04/12/2019 16:38 - Agropecuária
Radioagência
Comissão discute abate e comercialização de pele de jumento
A Comissão de Meio Ambiente e Desenvolvimento Sustentável realizou audiência pública (em 03/12) para discutir o abate e a comercialização de pele de jumento. De acordo com o Ministério da Agricultura, apenas seis frigoríficos possuem autorização para realizar abates no país. Três deles ficam na Bahia. Na audiência, Lúcia Plaza Nunes, diretora técnica do Fórum Nacional de Proteção ao Animal, disse que, após uma denúncia de maus tratos, a prática foi suspensa no estado por decisão judicial.

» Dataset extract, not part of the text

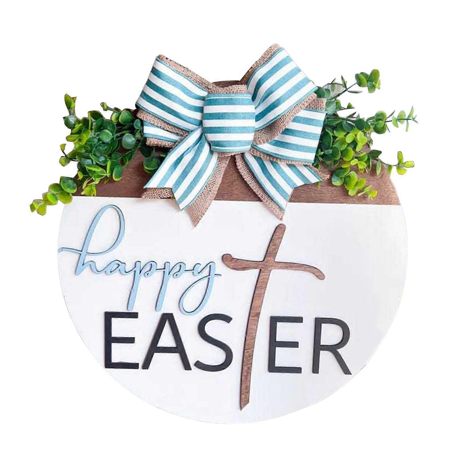 Easter Welcome Sign Wooden Door Hanging Sign Rustic Easter Front Door Decor Sign with Bow Wreath for Porch Outdoor Entryway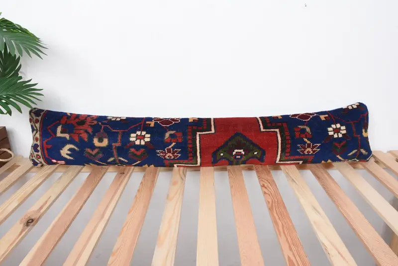 Blue & Red Floral Embroidered Throw Pillow, Vintage Rectangular Pillow

“Com os animais em situações, realmente, cruéis, sem água e sem comida, em condições sanitárias péssimas, tendo risco não só do sofrimento e da crueldade com os animais, mas risco à saúde das pessoas também, principalmente, pelo aparecimento de doenças de caráter zoonótico, que estão comprovadas com exames sanitários e fazem com que seja necessário que essa proibição venha e novas políticas sejam pensadas”.
Atualmente, o abate está autorizado, novamente, por decisão da Advocacia Geral da União. A carne e o couro do jumento são vendidos para vários países asiáticos. A pele é usada para a fabricação de cosméticos e para fins medicinais. Rui Leal, representante da Agência de Defesa Agropecuária da Bahia, disse que esse mercado está em expansão, desde 2016, após acordo comercial entre Brasil e China.
“A regulamentação, ela existe, a gente está trabalhando dentro da legalidade, conforme legislação federal, o abate é legal e precisamos determinar regras e procedimentos, para que casos isolados em três propriedades na Bahia não coíbam a prática”.
O deputado Célio Studart, do PV do Ceará, que solicitou a realização da audiência, explicou que o abate foi permitido no país após aumento no abandono de jumentos, que eram utilizados como transporte e para trabalho no campo. Com o desenvolvimento econômico da região Nordeste, o deputado explicou que o jumento foi trocado por motocicletas. Com mercado no exterior, o abate do animal virou a solução. Mas o parlamentar é contra a exploração desse mercado.
“Temos esse dever de não deixar essa questão mal resolvida para que não ocorra mais o que tem ocorrido, como na Bahia ou em outros locais do país, maus tratos aos jumentos, aos animais, por uma falta de regulamentação ou por falta de observação em respeito às leis de proteção animal”.
Segundo dados do Ministério da Agricultura, em 2016, quando os abates começaram, foram exportadas 50 mil toneladas de carne e pele de jumento. Em 2018, o número saltou para 220 mil toneladas.
Da Rádio Câmara, de Brasília, com informações de Frederico Sokolowski, Paula Bittar.